In a move bound to please revelers, shift-workers and insomniacs, two lines will run trains through to 0530 in the morning, with others due to follow.
Traveler's in the capital have long been promised an overnight or later service but proposals had been postponed due to opposition from unions seeking better pay and conditions in return for working antisocial hours.
Now that agreement has eventually been reached, trains will run between north and south London and from east to west, before being rolled out on three further lines including to Heathrow Airport.
"It will support thousands of workers who have to travel to or from work at night, it will provide huge economic benefits to our vital night-time economy and it will help Londoner's get home quickly and safely after a night out," said Mayor of London Sadiq Khan.

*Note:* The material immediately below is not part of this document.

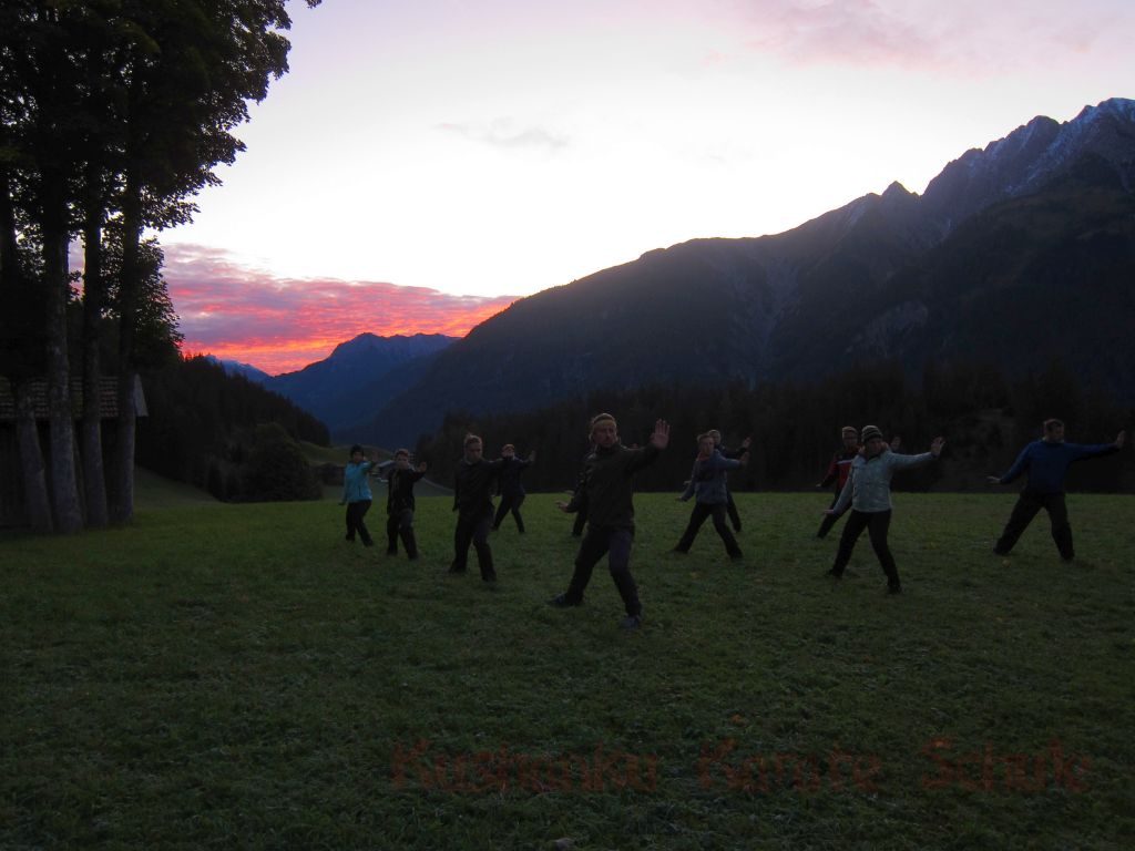 Es war auch sehr besonders dieses Mal, da wir sehr viel Training machten, uns mit Kihon, Qi Gong und dem Katabunkai beschäftigten. Dafür gab keine große Wanderung, bis auf einen kleinen Ausflug ins „Tal-der-Sinne.“ Zum Glück fing es auch erst am Ende der Wanderung an zu regnen als es etwas zu essen gab.

The scheme is set to boost the capital's economy by 77 million pounds ($100 million) a year, according to the mayor, and could help support London's nightclubs and bars.
It will also go some way to catching up with train services in other major centers: the New York subway already runs throughout the night and the Paris metro operates late on weekends.
Once the full service is in place, 100 police officers will ride the network. Britain is on its second-highest level of security alert, "severe", meaning an attack is considered highly likely, though not imminent.
The first underground railway service ran between Paddington and Farringdon Street in central London on January 10 1863 and now the "tube," known the world over for its red roundel symbol, stretches well into London's suburbs and beyond.
Famed for its simple map design and incessant warnings to "mind the gap," it now carries over 1.3 billion passengers a year.